Шадман, начальник канцелярии, убеленный сединами опытный царедворец, одетый в красный парфянский халат, расшитый жемчугом и драгоценными камнями, сладким голосом говорил царю Фраату IV, восседавшему в шатре на походном троне:
– Государь, ты мог бы предложить Тиграну город Эдессу, населенный преимущественно армянами, в обмен на остальную территорию Осроены.
– Никаких уступок! – красавица Муза в зеленой тунике, бледно-голубой шелковой столе и прозрачной палле, встала у трона царя: – Парфия должна получить все, в том числе и Армению.
Возражать было опасно, и, взглянув на Фраата, ласково целующего жену, Шадман подумал: «Женившись на Музе, не очень умный Фраат перестал думать сам, полностью доверившись женщине», а вслух шутливо посетовал:
– Конечно, всегда нужно брать побольше, но, проявив щедрость, отдав крохи, в итоге получаешь все!
Советник ушел, а прекрасная Муза, царственно пройдясь по шатру, волоча ароматный шлейф благовоний, продолжила наставлять царя:
– Переговоры – лишь прикрытие операции по поиску Палладиума. У меня в армянском дворце есть свой человек, который вычислил тайник. Не забывай, Палладиум вознесет тебя к вершине могущества.
– Милая, – Фраат похотливо пожирал глазами жену, – я страстно хочу завладеть талисманом, но легче превратить пол-Азии в вассала, чем отнять хоть что-то у армян.
– Положись на меня. – Муза, безраздельно властвующая над мужчиной, загадочно поманила мужа и, перед тем как поцеловать, прошептала: – Сначала ты станешь другом императора Августа, потом посадишь на армянский престол своего человека, а затем, оставив в наследство нашему сыну величайшую в истории державу, станешь богом.

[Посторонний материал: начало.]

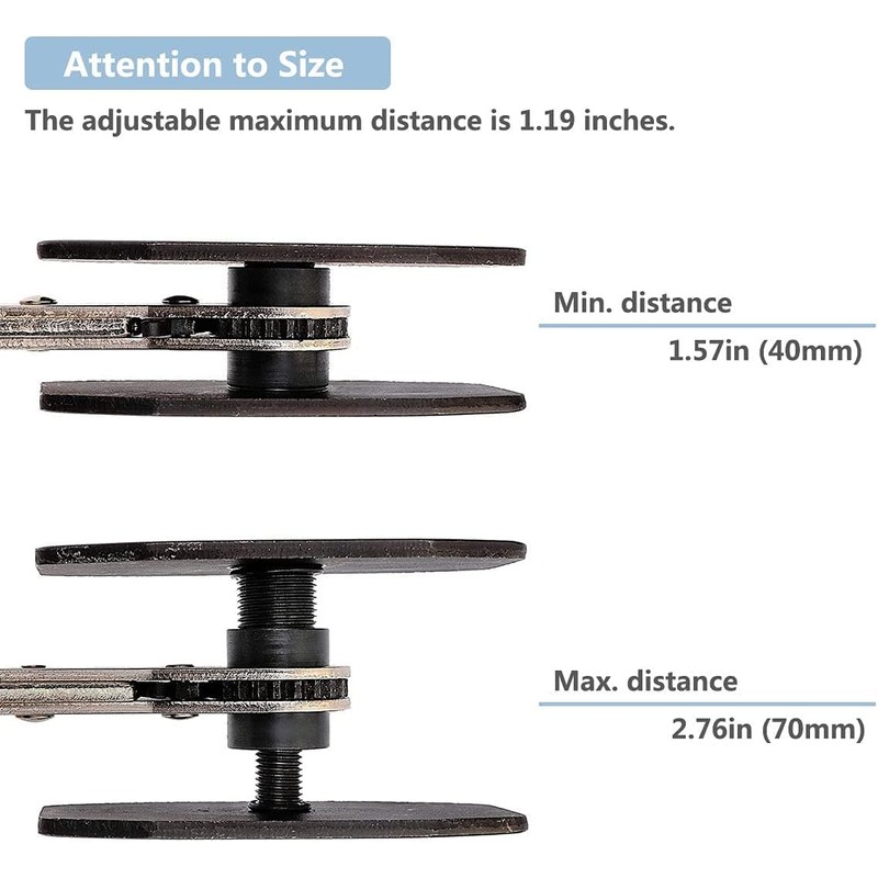 - 【Professional Tool】: This Brake Caliper Press constructed of strudy carbon steel, designed for the adjustment of automobile brake pumps. Please note, this ratcheting caliper spreader is designed to "push" the piston back, can not twist and compress at the same time, which some brakes need. Also, the distance between the two spreading plates is from 1-1/2" to 2-1/2", may not insert into some smaller caliper.

У Фраата голова пошла кругом. Жажда власти и сексуальное желание в нем слились.
На другой день царя и царицу Парфии принимал армянский царь Тигран IV. В тронном зале с колоннами, окрашенными красным кармином48, среди богатой обстановки, ковров и скульптур, сияющих в лучах пробивающего через окна полуденного солнца, собралась вся знать столицы. Торговые отношения Армении с Парфией были на подъеме, позиции и интересы в мировых делах наконец совпали, противоречия сгладились, и два царя, любезные и предупредительные, льстили друг другу.
– Брат, – говорил армянский монарх, – наша репутация такова, что Рим отказался от политики с позиции силы, ограничиваясь мелкими провокациями.
– Брат, с Римом придется считаться, – отвечал парфянский царь. – Того, кто уверовал в свою безопасность, неизбежно ждет разочарование.
Они прогуливались по залу, а все внимали непринужденной беседе монархов.
Две царицы Эрато и Муза, обладательницы статных фигур и величественных одеяний, стояли поодаль от мужей и завистливо разглядывали друг друга.
– Эрато, – говорила парфянская дива, – ты красива, но, похоже, покорность – не твоя добродетель.
– О, Муза, – отвечала армянская царица, – покорные женщины слабы и беспомощны. Строптивая жена способна превратить недостатки мужа в достоинства, а его мечты – в реальность.
Затем был пир, на котором царь Фраат произнес тост:
– Я пью за моего брата царя Тиграна, который умеет извлекать из всего пользу, не подпускает неприятности близко к сердцу, обладает неутомимой энергией. Одного не пойму, как он притягивает удачу?!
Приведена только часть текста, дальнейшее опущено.